They say big things have small beginnings, and this truth can be seen in all of nature, everyday life, sometimes in the business world and also in the movie Prometheus. Well allow me to introduce you to the next big thing which had its small beginnings last week while many were in their offices and schools preparing their tweets for the #TGIF hash tag. Over the course of last week, from the 5th – 7th November, the Practical Education Network (PEN) represented by Dr. Heather Beem was sharpening twenty-four members of the Ghana Association of Science Teachers (GAST). With Assistance from Myself, Gameli Adzaho (blogs at Gamelian world) and Habib Sumaila, the hand-picked participants made up of district science co-ordinators and teachers were cocooned up at the National ICT and Science Resource Centre undergoing what can only be described as a wonderful experience. So in a few years time when there is an explosion of brilliant Ghanaian scientists and people are wondering where it all begun, this is where the answers shall be found:
Day 1 kicked off with a brief introduction by Dr. Beem on the aims of the PEN and the idea behind the workshop. The end goal was to promote hands on science and practical experiments to better engage and inspire science students. In a developing country like Ghana where practical science education is not on the priority list of any government, finding alternatives to expensive lab equipment is essential to allow students to witness the wonders of science first hand. Take the slightly complex setup below which is used to produce Oxygen from Manganese dioxide and Hydrogen peroxide.

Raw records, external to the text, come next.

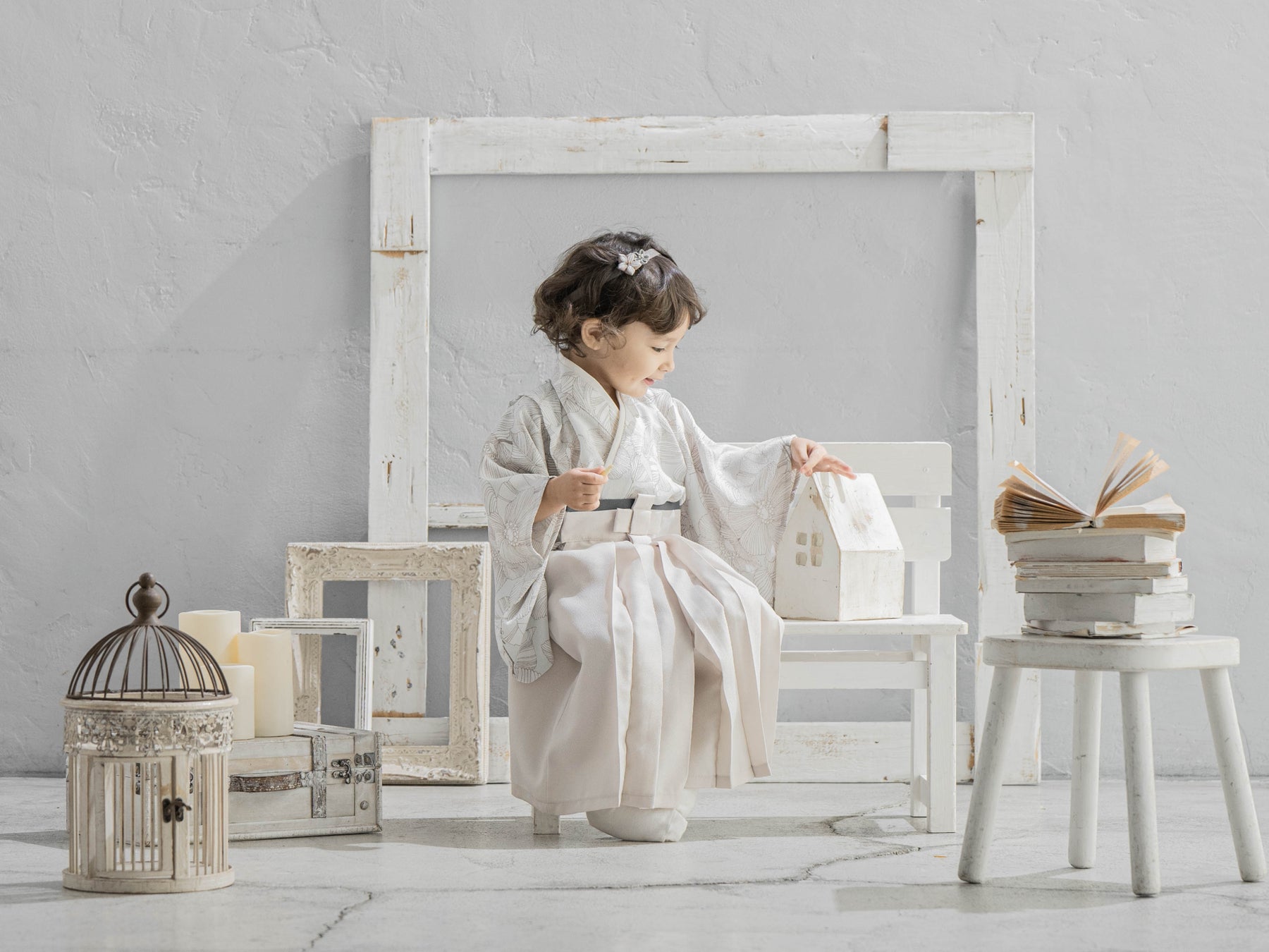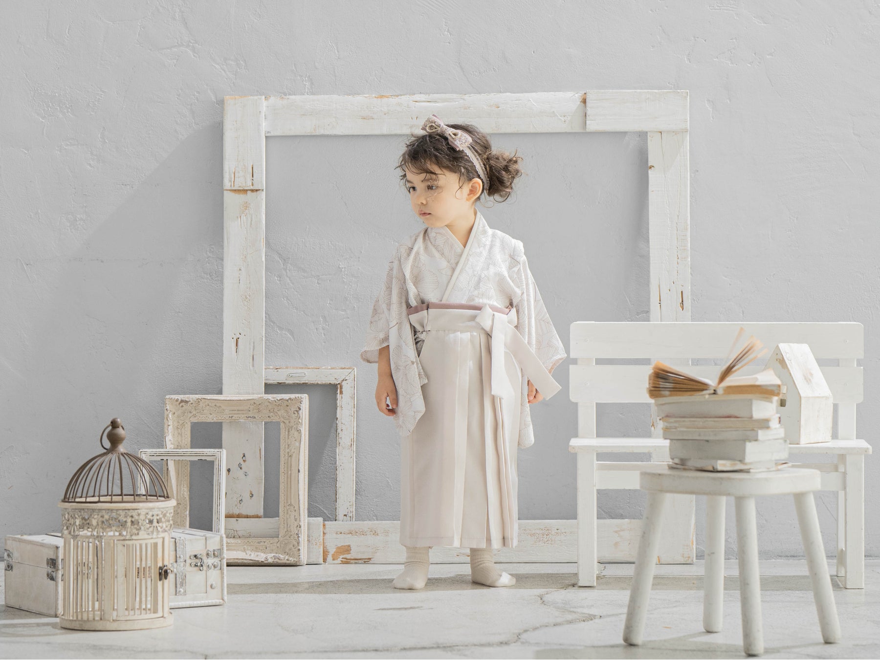 新色のエクリュ色の袴を合わせ、全体を淡い色味でまとめました。
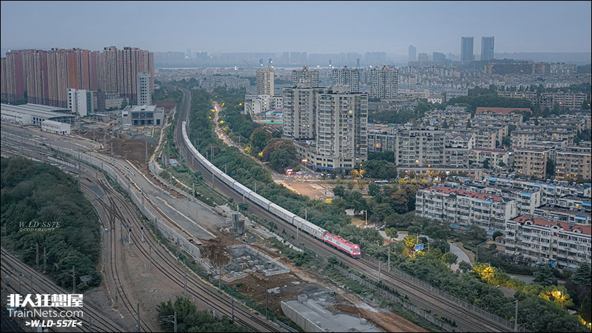 2025年10月,江苏南京。夜色将近,X111次驶离南京长江大桥,接近南京站。
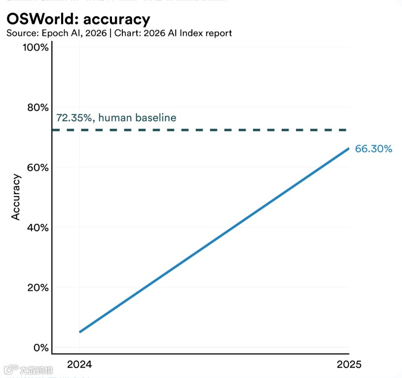 操作系统任务完成率从12%提升至66.3%,网络安全任务达93%,接近人类水平。但整体失败率仍超30%,且企业部署率处于个位数阶段,测试数据与实际应用存在显著落差。
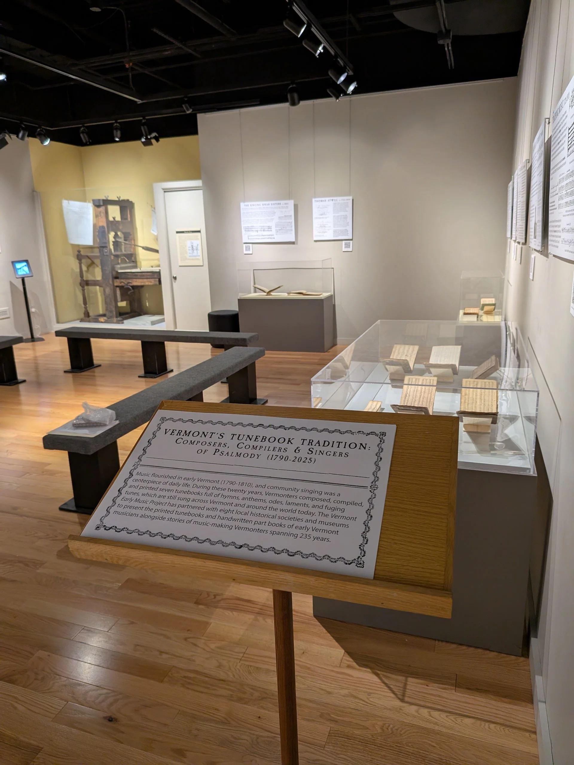 Music flourished in early Vermont (1790-1810), and community singing was a centerpiece of daily life. During these twenty years, Vermonters composed, compiled, and printed seven tunebooks full of hymns, anthems, odes, laments, and fuging tunes, which are still sung across Vermont and around the world today. The Vermont Early Music Project has partnered with eight local historical societies and museums to present the printed tunebooks and handwritten part books of early Vermont musicians alongside stories of music-making Vermonters spanning 235 years.
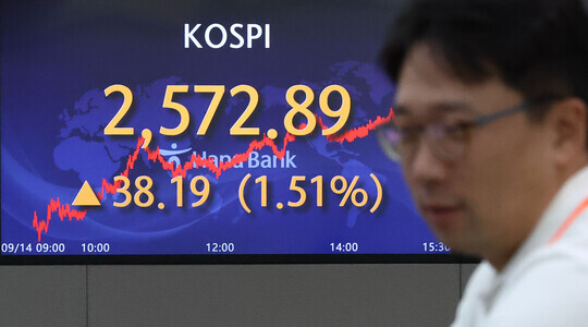 | 14일 오후 서울 중구 하나은행 딜링룸 전광판에 코스피 지수 등이 표시되고 있다. 이날 코스피 지수는 전 거래일 대비 38.19포인트(1.51%) 오른 2,572.89에, 코스닥은 16.75포인트(1.90%) 오른 899.47에 장을 마감했다. (사진=연합뉴스) |
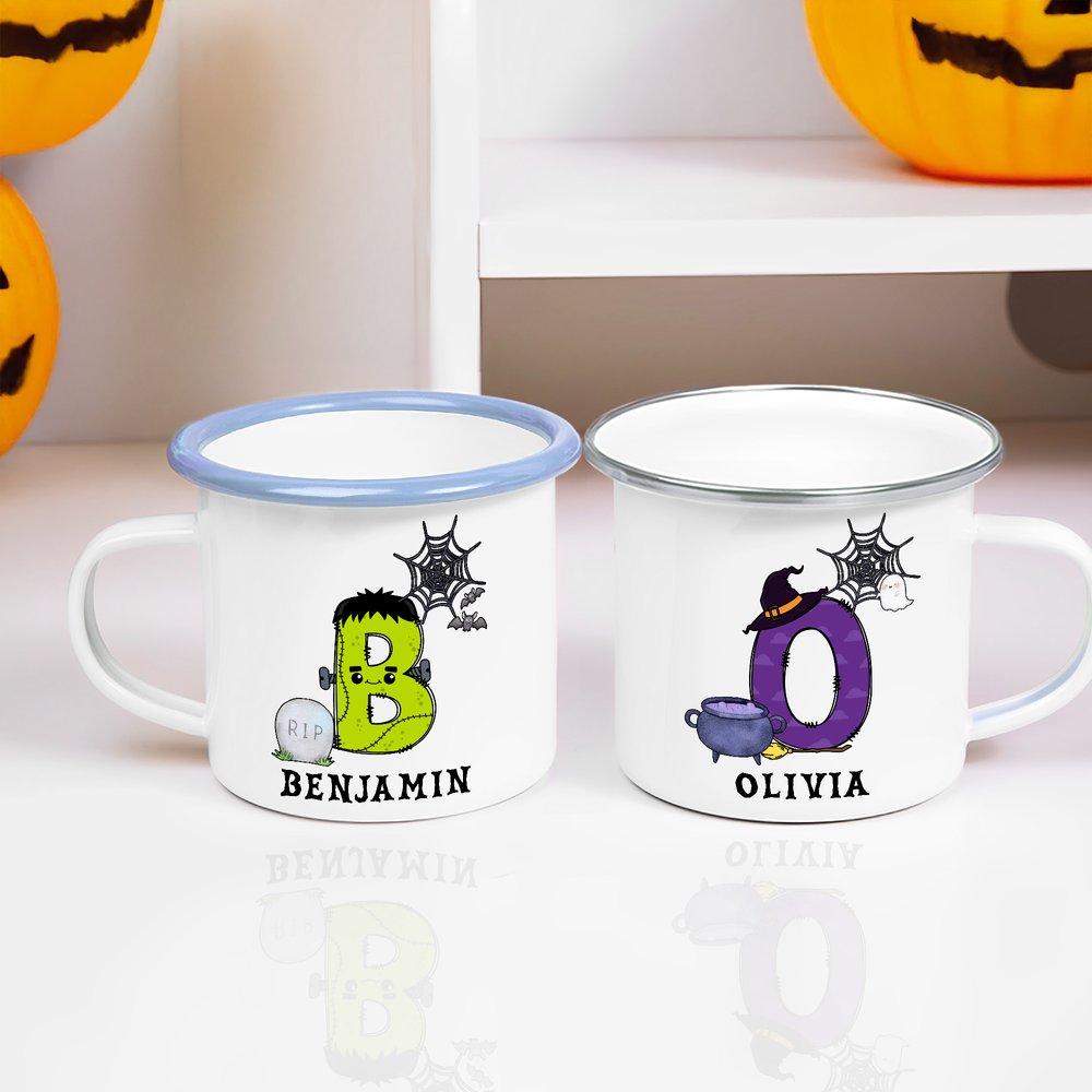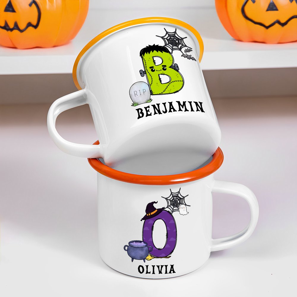 Our enamel mugs are adorned with festive lettering, featuring witch, frank, and pumpkin motifs, creating a delightful Halloween theme. Customizing with your child's name is fun and engaging, enhancing the festive atmosphere and adding a touch of festive flair to any Halloween event.
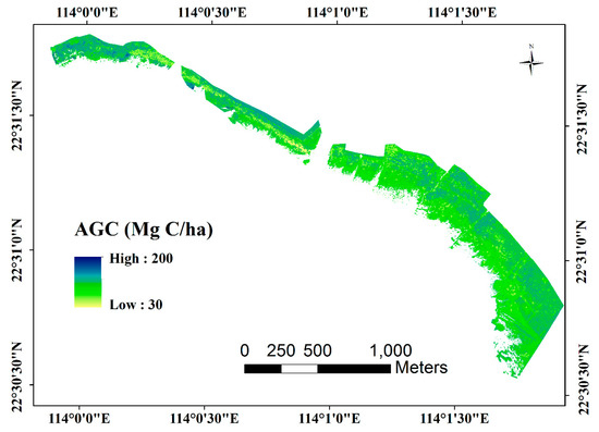 Finally, an AGC map of mangrove forests in the study area (Figure 7) was produced based on the RF model from Experiment 1 (Table 4) and the 30 selected variables shown in Figure 5a (R2 = 0.81, rRMSE = 0.20 and rMAE = 0.14). The estimated AGC values of the K. obovate assemblage were the highest, followed by the S. apetala and S. caseolaris assemblages. The AGC values of the A. marina assemblages were the lowest (Table 5). Overall, the average estimated AGC was 93.0 ± 24.3 Mg C ha−1, which ranged from 31.7 Mg C ha−1 to 195.8 Mg C ha−1, while the total estimated AGC was 7903.2 Mg within the 85-ha mangrove forest (Table 5).
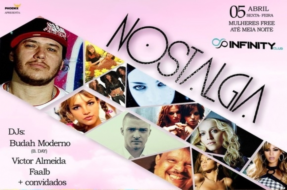 Na sexta, dia 05 de Abril, a partir das 22h acontece a terceira edição de sucesso da festa Nostalgia, muita gente bonita vai invadir a pista para dançar os hits que bombaram nas décadas passadas e é claro as atuais também. Na line, os Djs Budah Moderno, Victor Almeida, Fall B, além de convidados super especias, comandarão as pick-ups nesta noite de curtição. As mulheres são Free até a meia noite.
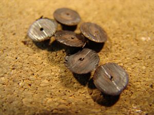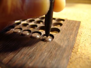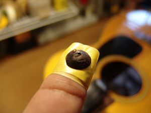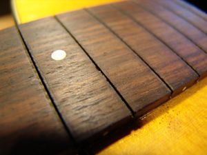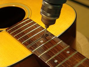 - 3.フレット交換の前にフィンガーボードにあけた穴を元に戻しましょう。穴径にあうようにエボニー片を丸く削ります。
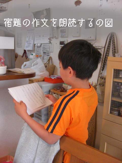 朝ごはんの支度をしている間にちけぽはGW中に出された宿題の作文を書き、ママに朗読中。
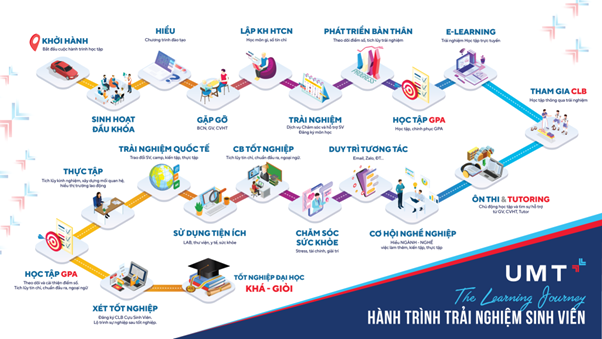 “Học mà chơi - chơi mà học” là xu hướng mà các trường đại học đang ngày càng hướng tới nhằm trang bị cho sinh viên kỹ năng cần thiết sau khi ra trường. Tại UMT, sinh viên tự mình phấn đấu, rèn luyện, tìm kiếm các hoạt động ngoại khóa phù hợp với tính cách, ngành học được nhà trường hướng dẫn, xây dựng lộ trình trở thành UMTer với mô hình phát triển toàn diện 5 khía cạnh: Thành công trong học tập - Lộ trình phát triển nghề nghiệp - Trách nhiệm cộng đồng - Trải nghiệm quốc tế - Lãnh đạo bản thân. Với việc tôn trọng sự khác biệt của từng sinh viên, UMT tạo chất xúc tác để sinh viên có thể bộc lộ thế mạnh của mình và trau dồi có chọn lọc những kỹ năng, tố chất còn yếu. Từ đó phát huy toàn diện năng lực cá nhân, hướng đến tinh thần khai phóng, hội nhập quốc tế.

We repeated this same experiment with nothing more than the black stuff from a battery (Manganese dioxide) and Hydrogen peroxide (bought from a local pharmacist). Mix these two together in a plastic bottle and the resulting oxygen can be tested from by rekindling a flame.
We also performed tests for acids and bases using crushed flower petals rather than lithmus paper and developed a concept to explain simple circuits use beans and bottle tops. This was quite ingenious as some imaginative work by the co-ordinators using paper funnels and valves could explain resistors and diodes.
Day 2 saw an overflow of creative juices. The day started off with an overview of the design process which was the then applied to the greatest engineering question that ever existed ever since the Tower of Babel; How high can we build before God gets involved? In this instance the question was How high can you stack bananas off the table using only two pieces of A4 sheets before someone eats the bananas. The answer; 16 bananas can be stacked 15cms above the ground using only two sheets of paper and some ingenuity.
The process did not stop here but went ahead to design alternative experiments using simple tools to showcase the rectilinear propagation of light, the refraction of light and my personal favourite, the reflective properties of light with nothing more than a mirror, a light source, a sheet of paper and some clever maths to show that the angle of incidence is equal to the angle of reflection.
The last activity for the day, putting together a circuit complete with switch, LED, resistor, cells and a capacitor proved what many already know; electronics is not for the faint hearted.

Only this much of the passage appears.